El diagnóstico diferencial es muy importante en estos casos ya que en ocasiones pueden existir otras patologías que provoquen síntomas parecidos pero que requieran un tratamiento diferente. Mediante este tipo de diagnóstico, lo que hacemos los profesionales sanitarios es descartar este tipo de patologías para estar seguros de lo que tenemos entre manos.

Algunas de las pistas que debemos observar para saber si debemos ir al fisioterapeuta son:

  • sensación de que el tobillo falla
  • esguinces repetidos ante la mínima dificultad
  • dolor e hinchazón continuada en el tobillo
  • hormigueo o alteración de la sensibilidad en la zona lateral del pie
  • pie y tobillo que fallan cuando llevamos un rato caminando
  • o falta de movilidad del tobillo.

 

¿Cuál es en mejor tratamiento para el esguince mal curado o la inestabilidad crónica de tobillo?

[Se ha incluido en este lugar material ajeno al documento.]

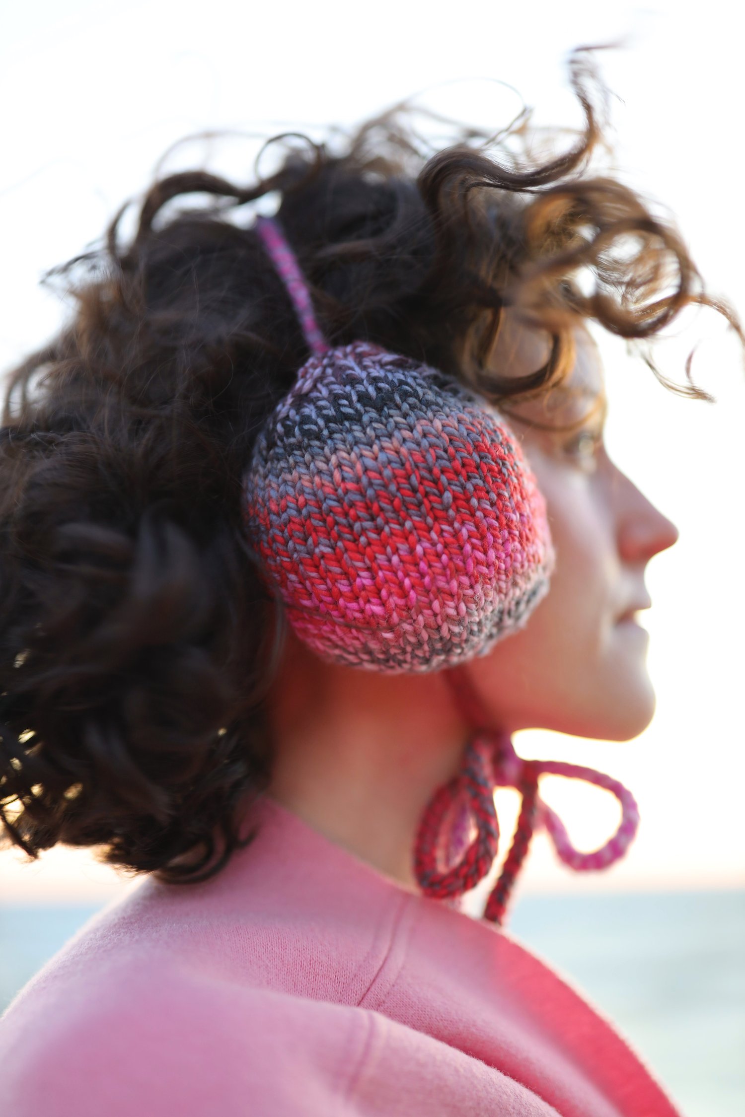 These oversized, stuffed earmuffs are knit in the round using Magic Loop with the option of written or charted instructions. We begin with Judy’s Magic Cast-On and work the earmuffs from the bottom up, stuff them and then finish by grafting the stitches together and threading the muffs onto an i-cord tie. The inner portion of the earmuffs use increases and decreases to shape an indentation for the ear and the height of each muff can be adjusted by sliding up or down on the i-cord. Let’s be extra cozy and cute while we sit on our tuffets wearing our muffets, eating our curds and whey!

El mejor tratamiento para la inestabilidad crónica de tobillo o esguince mal curado tiene varias fases, pero lo más importante que debemos entender es que muy difícilmente se tienen resultados con tratamientos pasivos y que los tratamientos deben ser individualizado para cada persona.

Valoración del tobillo: La valoración del tobillo susceptible de sufrir inestabilidad crónica debe ser exhaustiva e incluir la globalidad de la persona, ya que existen muchos factores que pueden influir en el problema, desde factores mecanismos como por ejemplo falta de fuerza el los músculos estabilizadores de la cadera, como aspectos de la salud general de la persona: obesidad, diabetes…

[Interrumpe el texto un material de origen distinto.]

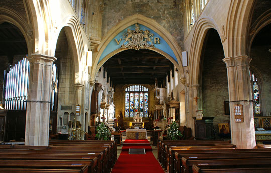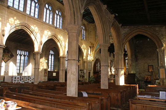 Nave and south aisle from the south door. Note the tall clerestory that gives this church so much light.
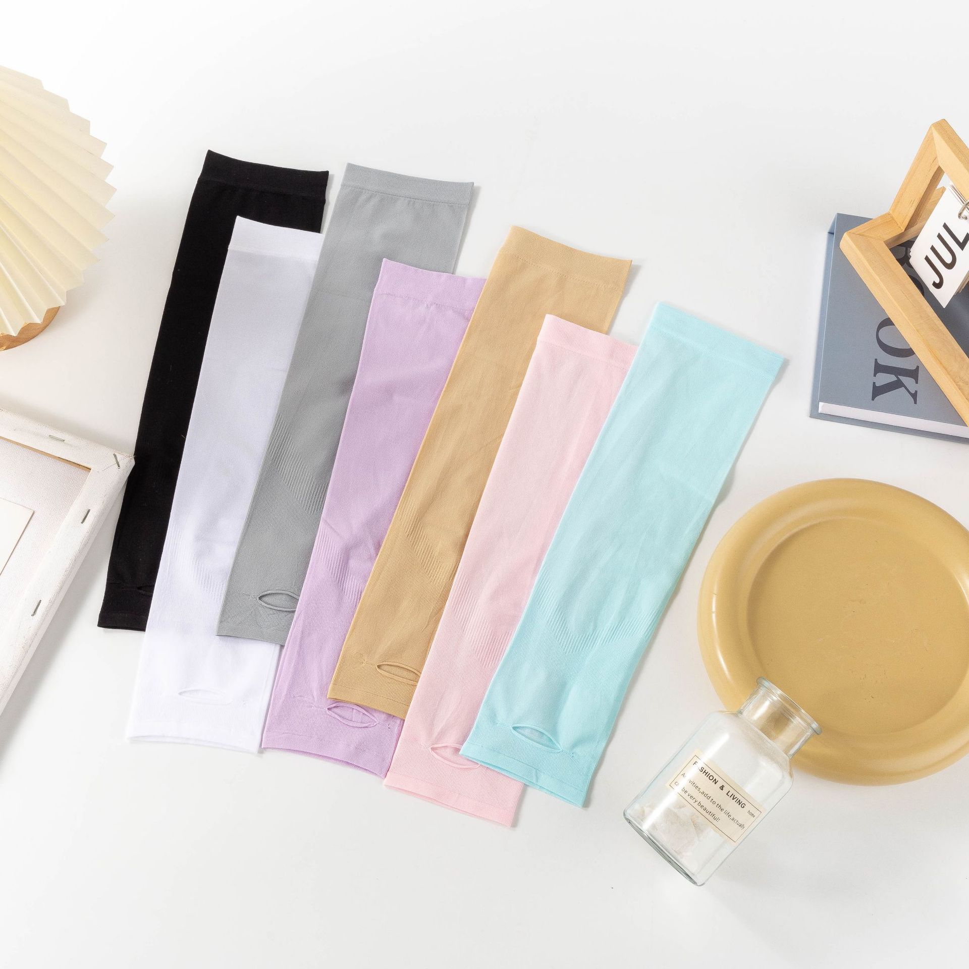 袖套防紫外线夏季冰袖纯色户外护臂休闲长袖登山男女防晒冰丝袖套

Programar un plan de acción: Una vez que tenemos claro lo que le pasa al paciente (por lo menos una idea lo más aproximada posible), debemos preparar un plan de tratamiento, como en todas las patologías crónicas es difícil, si no imposible, obtener resultados en un día. Los resultados, como todo en la vida, suelen estar relacionados con el nivel de compromiso y la buena orientación de los esfuerzos. Este plan de tratamiento debe ser individualizado y tener el grado adecuado de trabajo activo, pasivo y cognitivo, mediante:

  • ejercicios
  • terapia manual
  • y educación.

Valoración de los resultados y nuevos objetivos: Según vaya avanzando el plan de tratamiento, que debe ser flexible, individualizado y realizable, deberemos hacer un chequeo de los resultados en cada etapa y modificar los objetivos del plan dependiendo de los resultados y las dificultades que surjan en el desarrollo del mismo.

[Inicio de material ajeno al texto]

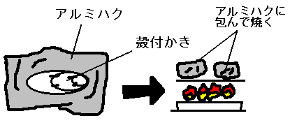 殻付かきをアルミハクに包んで、オーブン、または焼き網で焼く。

Ten en cuenta que para realizar este tipo de trabajo, un fisioterapeuta es el profesional adecuado y que el trabajo activo por parte del paciente es obligatorio para alcanzar unos resultados óptimos.

 

Bibliografía


1. Arnheim DD. Medicina deportiva-fisioterapia. Barcelona: Mosby/Doyma, libros división de Times Mirror de España, S.A.; 1994.

2. Bernier JN, et al. Effects of unilateral functional inestability of the ankle on postural sway and inversion end eversion strength. J Athl Train. 1997;32:127-35.

3. Troop H, et al. Stabilometry recordings in functional and me- chanical inestability of the ankle joint. Int J Sports Med. 1985; 6:180-2.

4. Hertel J. Functional instability following lateral ankle sprain. Sports Med. 2000;29(5):361-71.

5. Popvic N, et al. Ankle prain. Management of recent lesions and prevention of secondary instability. Rev Med Liege. 2005; 60(10):783-8.